=== DATA PROVIDED ===
┌──
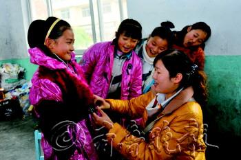 | 淄博银座商城工作人员给孩子们试穿过冬衣物,漂亮的新衣让学生们十分开心。 本报记者 王鸿哲 摄 |
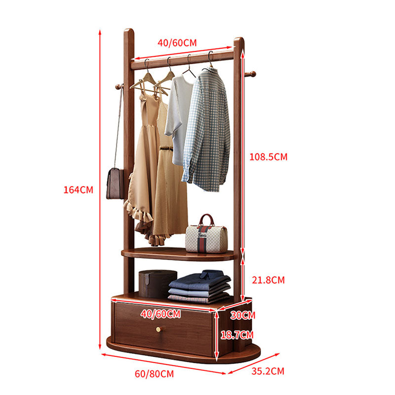 Practical Advantages : Compact Solid Wood Clothes Rack with Storage Drawer
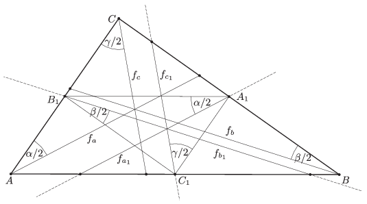 Megoldás. Legyenek az \(\displaystyle A\), \(\displaystyle B\), \(\displaystyle C\) pontokból induló belső szögfelezők \(\displaystyle f_{a}\), \(\displaystyle f_{b}\), \(\displaystyle f_{c}\). Az \(\displaystyle A_{1}B_{1}C_{1}\) középvonal háromszög belső szögfelezői legyenek \(\displaystyle f_{a_{1}}\), \(\displaystyle f_{b_{1}}\), \(\displaystyle f_{c_{1}}\). Az \(\displaystyle ABC\) és \(\displaystyle A_{1}B_{1}C_{1}\) háromszögek oldalai páronként párhuzamosak és megfelelő szögeik egyenlők, ezért \(\displaystyle f_{a_{1}}\parallel f_{a}\), \(\displaystyle f_{b_{1}}\parallel f_{b}\), \(\displaystyle f_{c_{1}}\parallel f_{c}\).
└──
=== TASK BRIEF ===
Verbatim output, no pictures: the line holding "Practical Advantages : Compact" and all lines after it through the last line of the material, with nothing else.

=== RESULT BELOW ===
 Practical Advantages : Compact Solid Wood Clothes Rack with Storage Drawer
 Megoldás. Legyenek az \(\displaystyle A\), \(\displaystyle B\), \(\displaystyle C\) pontokból induló belső szögfelezők \(\displaystyle f_{a}\), \(\displaystyle f_{b}\), \(\displaystyle f_{c}\). Az \(\displaystyle A_{1}B_{1}C_{1}\) középvonal háromszög belső szögfelezői legyenek \(\displaystyle f_{a_{1}}\), \(\displaystyle f_{b_{1}}\), \(\displaystyle f_{c_{1}}\). Az \(\displaystyle ABC\) és \(\displaystyle A_{1}B_{1}C_{1}\) háromszögek oldalai páronként párhuzamosak és megfelelő szögeik egyenlők, ezért \(\displaystyle f_{a_{1}}\parallel f_{a}\), \(\displaystyle f_{b_{1}}\parallel f_{b}\), \(\displaystyle f_{c_{1}}\parallel f_{c}\).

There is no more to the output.